The structure shown in the above embodiment is a preferred embodiment of the present invention, and the present invention can be variously modified and modified from the above embodiment. Therefore, the present invention is not limited to the configurations of the above-described embodiments.

[0028]

As described above, according to the semiconductor memory device of the present invention, it is possible to reduce the manufacturing time and cost of the semiconductor memory device by reducing the step of selectively removing the insulating film.

[Brief description of drawings]

FIG. 1 is a sectional view of a memory cell portion of a semiconductor memory device according to a first embodiment of the present invention.

FIG. 2 is a plan view of a memory cell portion of the semiconductor memory device of the embodiment of FIG.

FIG. 3 is a circuit diagram showing a configuration of a memory cell of an embodiment of the present invention and a general resistance load type semiconductor memory device.

FIG. 4 is a sectional view of a memory cell portion of a semiconductor memory device according to a second embodiment of the present invention.
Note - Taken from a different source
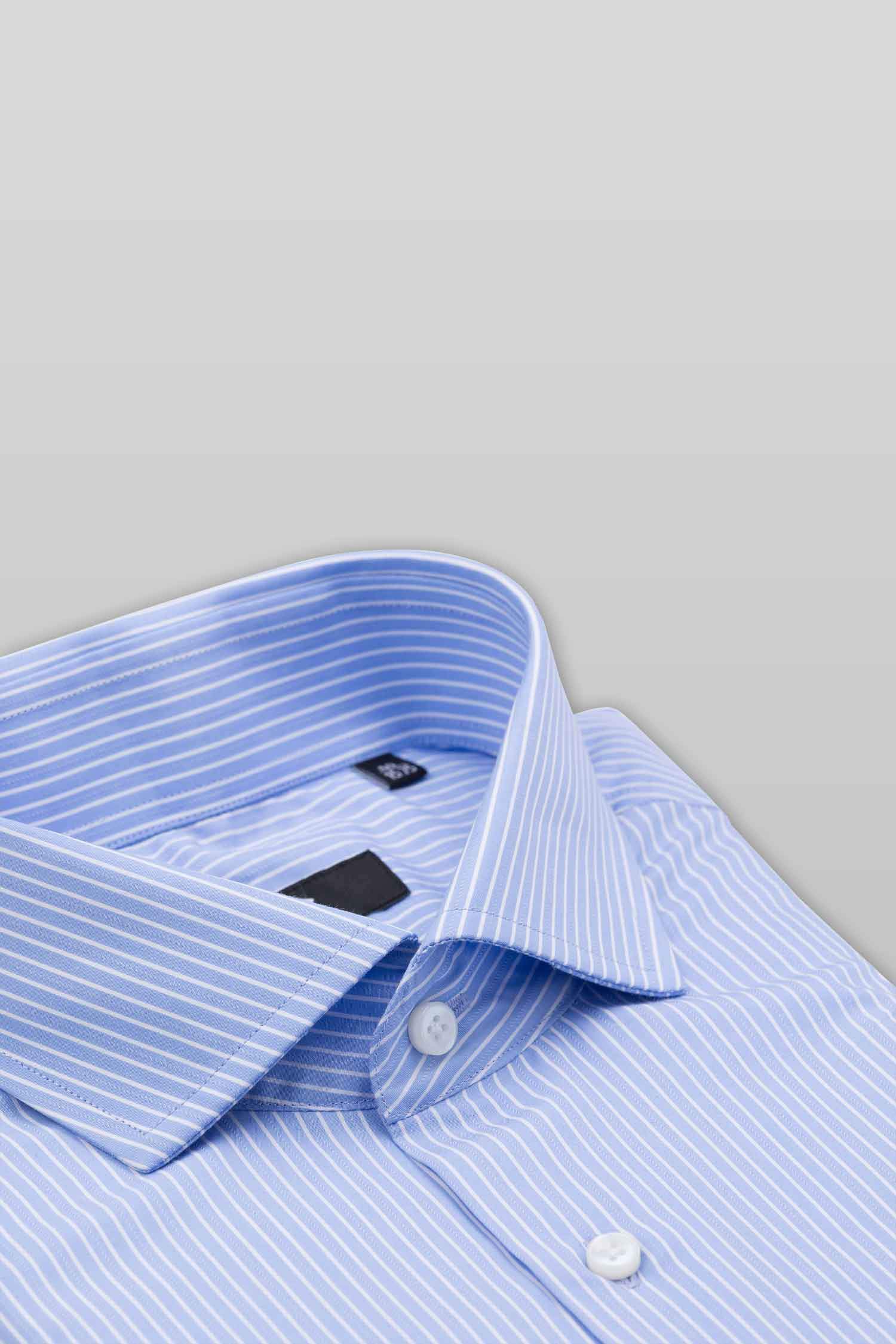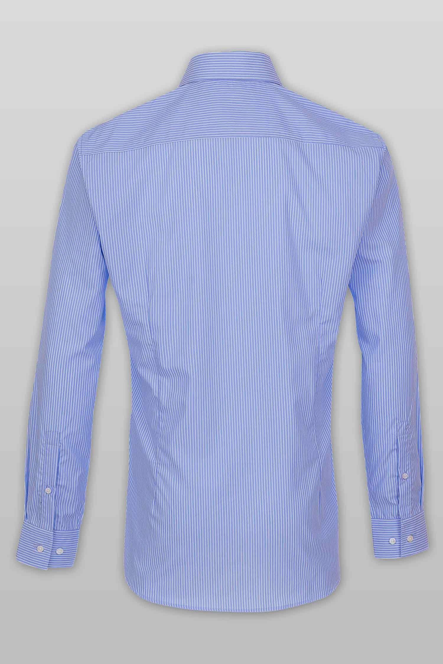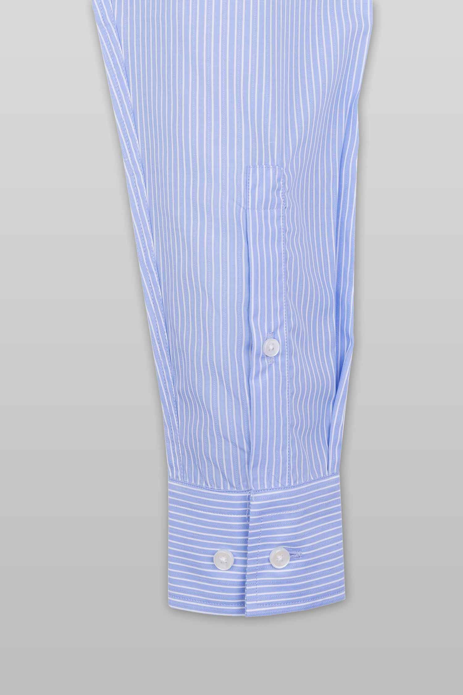This “Luther” dress shirt by Zingfiniti is specially crafted from premium Giza cotton for exceptional comfort and luxury feel. Decorated in a fine stripe pattern in blue and white, this shirt will make a sharp addition to your weekday wardrobe. This shirt strikes an elegant balance between luxury feel and incredible performance. The shirt fabric and style gives it a contemporary, downtown appeal when ironed up or you can wear it more relaxed with a pair of jeans. This slim fit shirt features a cutaway collar and barrel cuffs with adjustable buttons. We offer complimentary Zingfiniti Suit Cover and Sewing Kit with spare buttons & collar bones for extra care and protection. Experience the luxurious, soft and fine feel of these shirts.

FIG. 5 is a plan view of a memory cell portion of a conventional semiconductor memory device.

6 is a VI-VI sectional view in the memory cell portion of FIG. 5;

FIG. 7 is a cross-sectional view of a memory cell portion of a known semiconductor memory device.

FIG. 8 is a circuit diagram showing a configuration of a memory cell portion of FIG.

[Explanation of symbols]

 Q1 to Q4 Transistors R, R1, R2 High resistance load element 1 Semiconductor substrate 2 Locos oxide film 3 to 5 Gate oxide film 6 to 8 Gate electrode 9 Drain of first transistor Q1 10 12 Source 13 First insulating layer 14 High resistance load element 15 Second insulating layer 16 Contact hole 17 Barrier metal 18 Tungsten embedded layer 19 Aluminum wiring

Claims (5)

(57) [Claims] 1. A static semiconductor memory device comprising, in one memory cell, four transistors formed on a semiconductor substrate and two resistance load elements formed on the transistors, wherein the first transistor Of the diffusion layer, a gate electrode of the second transistor formed on the gate oxide film covering a part of the diffusion layer, and a first insulating layer formed on the first insulating layer covering the gate electrode. A semiconductor memory device, comprising: a first contact for collectively connecting one end of the resistive load element within a contact hole for the diffusion layer. 2. The semiconductor memory device according to claim 1, wherein the first contact is formed as a buried layer of tungsten. 3. The semiconductor according to claim 1, wherein an upper end of the first contact is connected to a wiring layer formed on a second insulating layer that covers the resistance load element. Storage device. 4. The semiconductor memory device according to claim 3, further comprising a second contact that connects the wiring layer and a diffusion layer of the third transistor. 5. The semiconductor memory device according to claim 1, wherein the gate electrode is connected to a diffusion layer of the third transistor.